Your answer must be the full listing, reproduced exactly, minus any pictures.

Available data
---------------
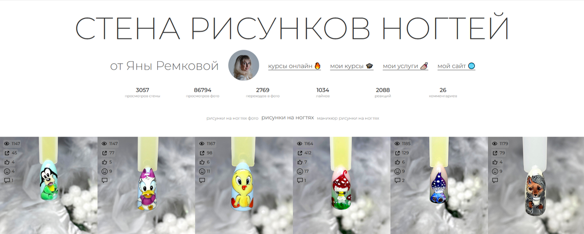 нейл‑арта - стена рисунков ногтей. Это не просто подборка фотографий, а настоящая творческая лаборатория, где оживают самые смелые идеи дизайна ногтей. Здесь вы найдёте работы на любой вкус: от лаконичных минималистичных решений до сложных авторских композиций с детализированной прорисовкой. Каждая фотография — это завершённый образ, в который вложена частичка моей души и профессионального опыта. Я стараюсь регулярно обновлять галерею, чтобы вы всегда могли увидеть свежие работы и вдохновиться новыми
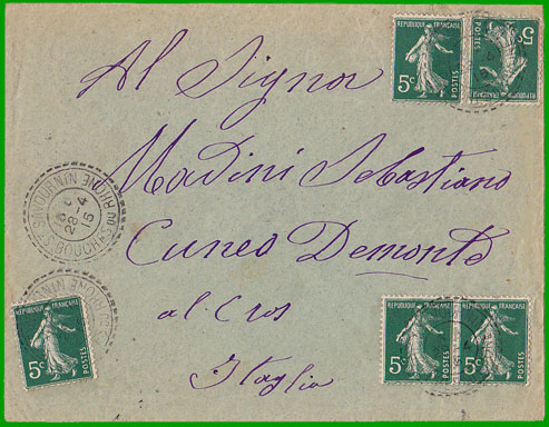 mai 1910 Affranchissement à 25 c. Cette lettre, postée à St-Savournin le 28 avril 1915, est arrivée le 2 mai 1915 à Demonte. |
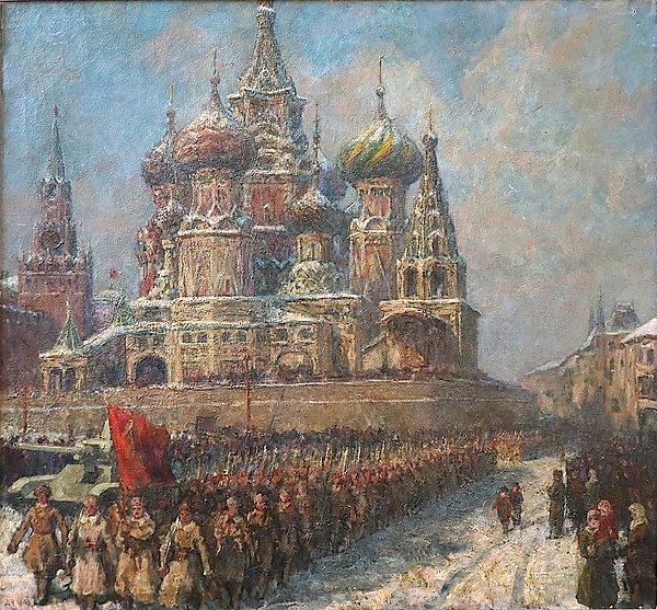 На переднем плане картины изображены идущие колонной по четыре солдаты с красным знаменем, окружённые с обеих сторон многочисленной толпой людей. Слева в композиции расположен зелёный танк, подчёркивающий военную тематику сцены. Фоном служит зимний пейзаж с видом на Красную площадь. Небо написано в голубых и серо-розовых тонах, что создаёт характерную для батального жанра атмосферу и определяет цветовую гамму произведения.
---------------
The answer
 нейл‑арта - стена рисунков ногтей. Это не просто подборка фотографий, а настоящая творческая лаборатория, где оживают самые смелые идеи дизайна ногтей. Здесь вы найдёте работы на любой вкус: от лаконичных минималистичных решений до сложных авторских композиций с детализированной прорисовкой. Каждая фотография — это завершённый образ, в который вложена частичка моей души и профессионального опыта. Я стараюсь регулярно обновлять галерею, чтобы вы всегда могли увидеть свежие работы и вдохновиться новыми
 mai 1910 Affranchissement à 25 c. Cette lettre, postée à St-Savournin le 28 avril 1915, est arrivée le 2 mai 1915 à Demonte. |
 На переднем плане картины изображены идущие колонной по четыре солдаты с красным знаменем, окружённые с обеих сторон многочисленной толпой людей. Слева в композиции расположен зелёный танк, подчёркивающий военную тематику сцены. Фоном служит зимний пейзаж с видом на Красную площадь. Небо написано в голубых и серо-розовых тонах, что создаёт характерную для батального жанра атмосферу и определяет цветовую гамму произведения.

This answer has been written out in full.